DIRECTIONS
Restate, word for word and with no pictures, the stretch of lines in the data below that begins at the line with "国海证券:AI算力月度跟踪(202410" and ends at the line with "Ray Stantz (Dan", inclusive.

SOURCE MATERIAL
---

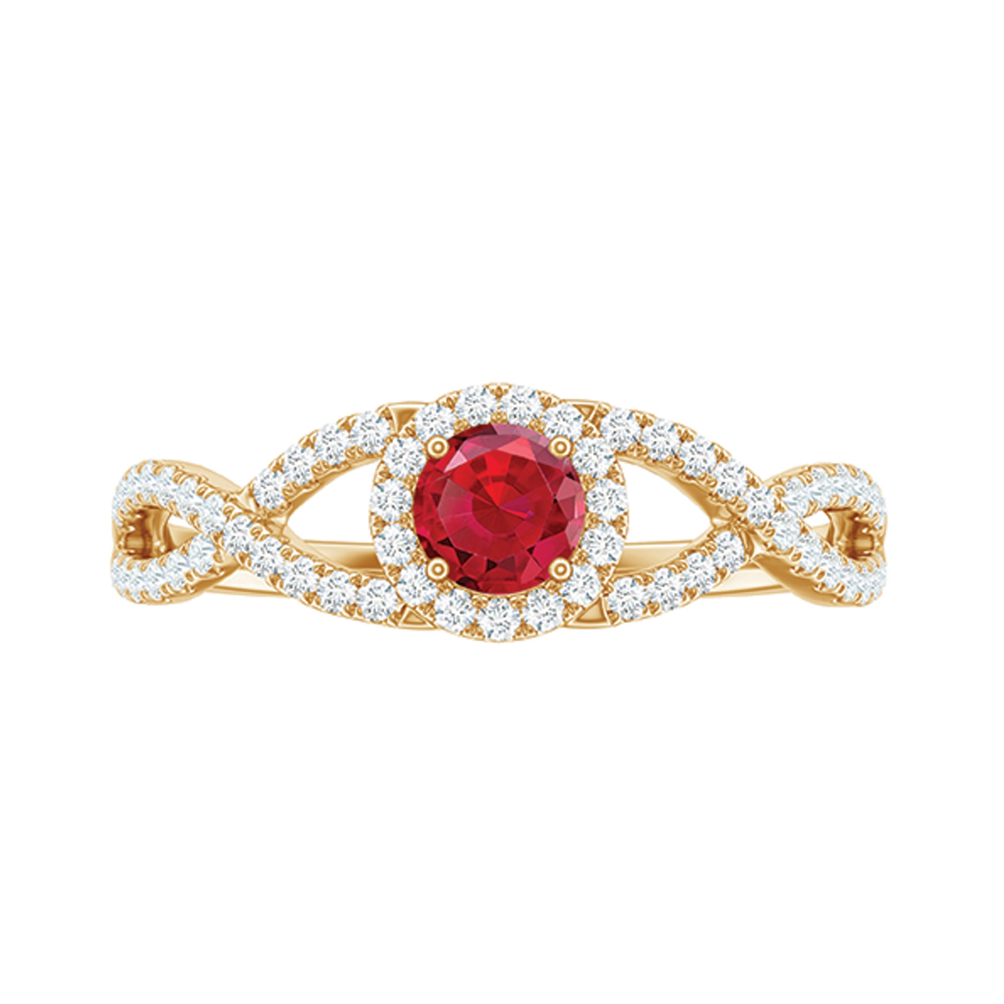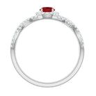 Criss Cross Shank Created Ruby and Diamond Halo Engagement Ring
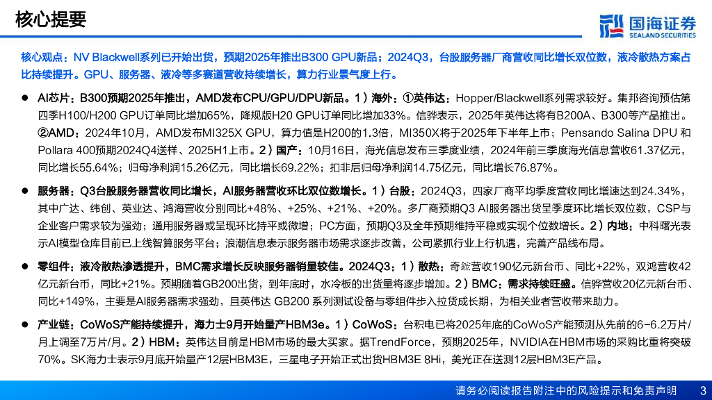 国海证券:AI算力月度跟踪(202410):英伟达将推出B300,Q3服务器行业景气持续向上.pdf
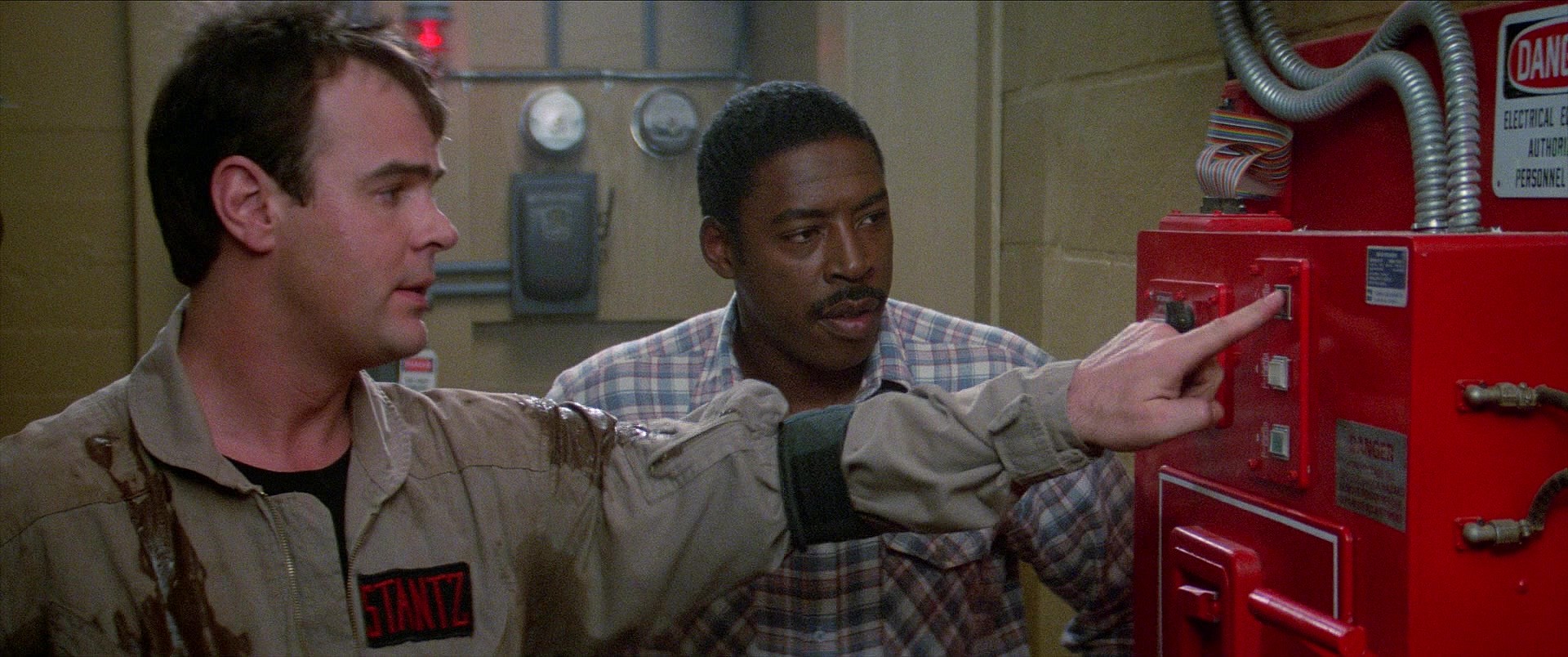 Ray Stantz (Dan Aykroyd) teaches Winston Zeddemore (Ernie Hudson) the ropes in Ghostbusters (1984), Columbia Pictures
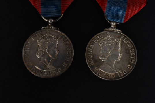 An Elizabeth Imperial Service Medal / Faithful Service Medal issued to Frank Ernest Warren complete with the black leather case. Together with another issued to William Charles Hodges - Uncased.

---

EXPECTED ANSWER
 国海证券:AI算力月度跟踪(202410):英伟达将推出B300,Q3服务器行业景气持续向上.pdf
 Ray Stantz (Dan Aykroyd) teaches Winston Zeddemore (Ernie Hudson) the ropes in Ghostbusters (1984), Columbia Pictures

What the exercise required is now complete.